Dès le premier jour, à Montélimar, j’ai mis sur le tapis l’idée d’Assemblées générales, en disant : une fois qu’on est dehors, il faut qu’on rassemble tous les collègues qui sont sortis, il faut qu’on propose une AG où chacun peut s’exprimer, où on peut débattre collectivement, décider des modes d’actions, de comment on s’organise, où le filtrage, la reconduction étaient votées… mais ça ne s’est pas fait là, ce n’était pas évident.
Et les revendications, par contre, elles venaient bien des salariés : les syndicats avaient fait le tour pour prendre les revendications de tout le monde, savoir ce qu’on amenait aux NAO, ce qu’on allait défendre. Donc à la base elles sont validées par les salariés. Mais le mouvement serait plus fort si les revendications étaient votées collectivement.

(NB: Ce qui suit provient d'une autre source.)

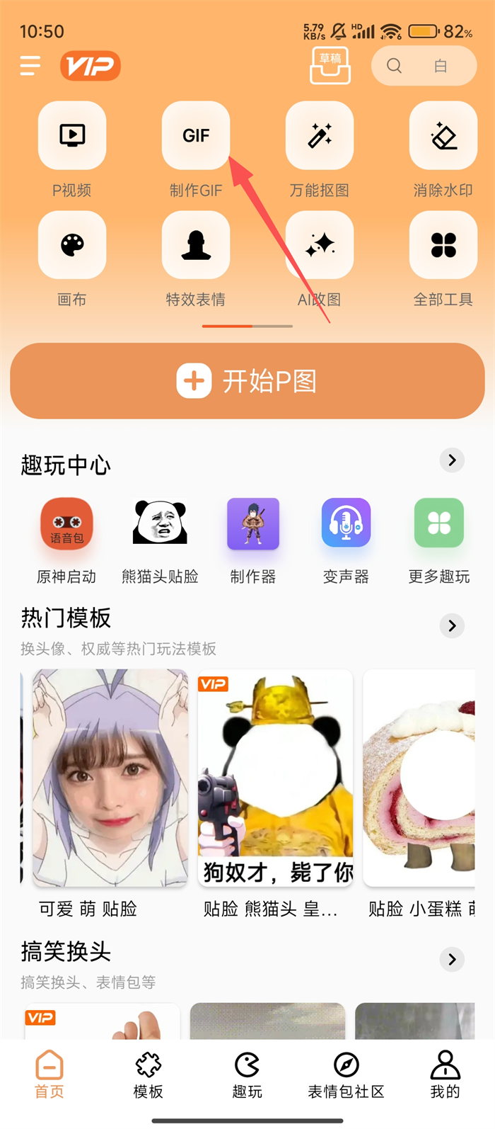 软件提供了丰富的P图恶搞素材可以任你使用,可以通过提供这些素材制作各种好玩有趣的表情图片,不需要去网上搜索表情包,想要什么暴走表情都可以自己制作,支持贴图,抠脸、GIF动图P图、加文字、手撕表情等多种P图功能,可以发挥你天马行空的创意进行创作

Cette année ça a été une première expérience de la grève pour beaucoup. On se retrouve dans une situation où sur mon site, les collègues non syndiqués attendent un peu des syndicats qu’on appelle à la grève. Moi j’essaie de leur dire : le mouvement, c’est vous qui le construisez, c’est tout le monde, il n’y a pas forcément besoin de suivre les organisations syndicales – en fait j’essaie de faire en sorte que les collègues soient acteurs du mouvement.
Le fait qu’il y a eu ces grèves spontanées, c’est un bon signe : ça montre qu’il y a des travailleurs qui veulent qu’il se passe quelque chose. J’avais des collègues qui attendaient que ça bouge, sur mon site qui venaient me voir et me disaient « alors, c’est quand qu’on fait grève » ; moi je leur dit « quand vous voulez ! ». J’essaie de pousser pour qu’on ait quelque chose qui dure et qui implique au maximum les salariés.
- Quelle est la suite à Amazon ?
Robin : Je sens de plus en plus une prise de conscience, sans nommer forcément, les collègues ils vont pas parler du capitalisme, etc., mais une vision générale qu’en fait on est dans un monde qui est basé sur l’injustice et l’exploitation. Ça je le ressens. Des fois il y a aussi beaucoup de confusion, ça peut partir dans tous les sens. Il y a beaucoup de collègues qui voulaient voter Le Pen et Zemmour, il y en a qui l’ont fait… avec le deuxième tour, il y a pas mal de collègues, y compris certains qui ont voté Mélenchon, qui tombent dans le piège du « tout sauf Macron » et qui sont prêts à donner leur voix à Le Pen. J’essaie de continuer à expliquer que l’extrême droite est l’ennemie des travailleurs, mais clairement il manque une boussole politique.
Là on va essayer de durcir le mouvement au maximum, continuer à construire le rapport de force. On va essayer de souffler sur les braises ! Ce qui va être essentiel c’est de rendre le mouvement plus démocratique. Ça ne peut qu’inciter les collègues à être acteurs du mouvement et à vouloir aller plus loin et faire en sorte que ça dure. Ce soir je rentre pour faire débrayer l’équipe du soir. Là, on va faire qu’il y ait des discussions, des débats, par exemple on va voir si c’est possible que partout il y ait des infos syndicales, au moins de compte-rendu des NAO pour voir ce que les travailleurs veulent faire. Mais ça bouge, on a une vraie dynamique, par exemple des collègues qui sont en CDI depuis peu ont rejoint la grève ; et on a syndiqué des salariés aussi.
Les 3,5 % ça a été la goutte d’eau. En tout cas, avec cette grève, on a le sentiment de relever la tête.